Стоило проносить эту занозу в себе весь день, чтобы нежная пухленькая ручка сама же и вытащила её. Ручка настоящей садовой колдуньи, с чьих кончиков пальцев к листьям тянулись золотые нити волшбы...

Зареока, а уменьшительное — Зоренька. Так называли её другие девушки-садовницы. До чего же круглое колено, а до него — милые, столь же круглые слезинки на щеках. Да, снова круглых. Причина её слёз? Леглит не хотелось думать, что из-за её придирки. Хотя если из-за неё... Что ж, в таком случае не существовало для неё оправдания! Навья была готова посыпать голову пеплом и вымаливать прощение на коленях.

— Ты удивляешься моей садовой волшбе, а я — твоей силе, что прячется в этих руках, — сказала Зареока, тронув пальчиком тыльную сторону кисти Леглит, на которой под кожей проступали синие жилы.

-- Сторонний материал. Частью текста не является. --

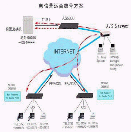 電信運營商放號方案采用寬帶數(shù)據(jù)網(wǎng)絡接入到運營商,IP電話數(shù)據(jù)流通過寬帶數(shù)據(jù)網(wǎng)絡接入運營商的局端網(wǎng)關設備,或者直接進入IP電話網(wǎng)絡。與傳統(tǒng)的電話相比,電信運營商放號方案不需要太多的額外投資購買硬件設備;只需在用戶端安裝NETONE語音網(wǎng)關或IP電話機,話吧、網(wǎng)吧、企業(yè)網(wǎng)用戶、校園網(wǎng)用戶及個人用戶就可以在現(xiàn)有的網(wǎng)絡基礎上實現(xiàn)IP電話放號服務。

До сладкого замирания сердца навье захотелось сжать эти пальчики, и она это сделала. Зареока не отпрянула, не отняла руку, но очаровательно опустила длинные пушистые ресницы. Непобедимая обольстительница. Может, и бессознательно у неё выходили эти милые женские уловки, но в цель они били без промаха. Ноги начинали затекать, и Леглит поднялась с корточек, выпрямившись. Руку девушки она не выпустила, и та встала следом за ней. Ночь была прохладной, и Зареока поёжилась. Подвернулся прекрасный миг, чтобы снять плащ, набросить ей на плечи и закутать, но... увы, именно сегодня Леглит забыла его надеть. И впрямь тянуло какой-то сырой тоскливой зябкостью, и навья принялась расстёгивать пуговицы. Накинув кафтан, ещё хранящий тепло её собственного тела, на плечи Зареоки, она застегнула одну пуговицу — чтоб не распахивался. Пожалуй, плащ был бы слишком длинен для невысокой девушки. Глаза Зареоки широко распахнулись, щёки рдели, а губки приоткрылись.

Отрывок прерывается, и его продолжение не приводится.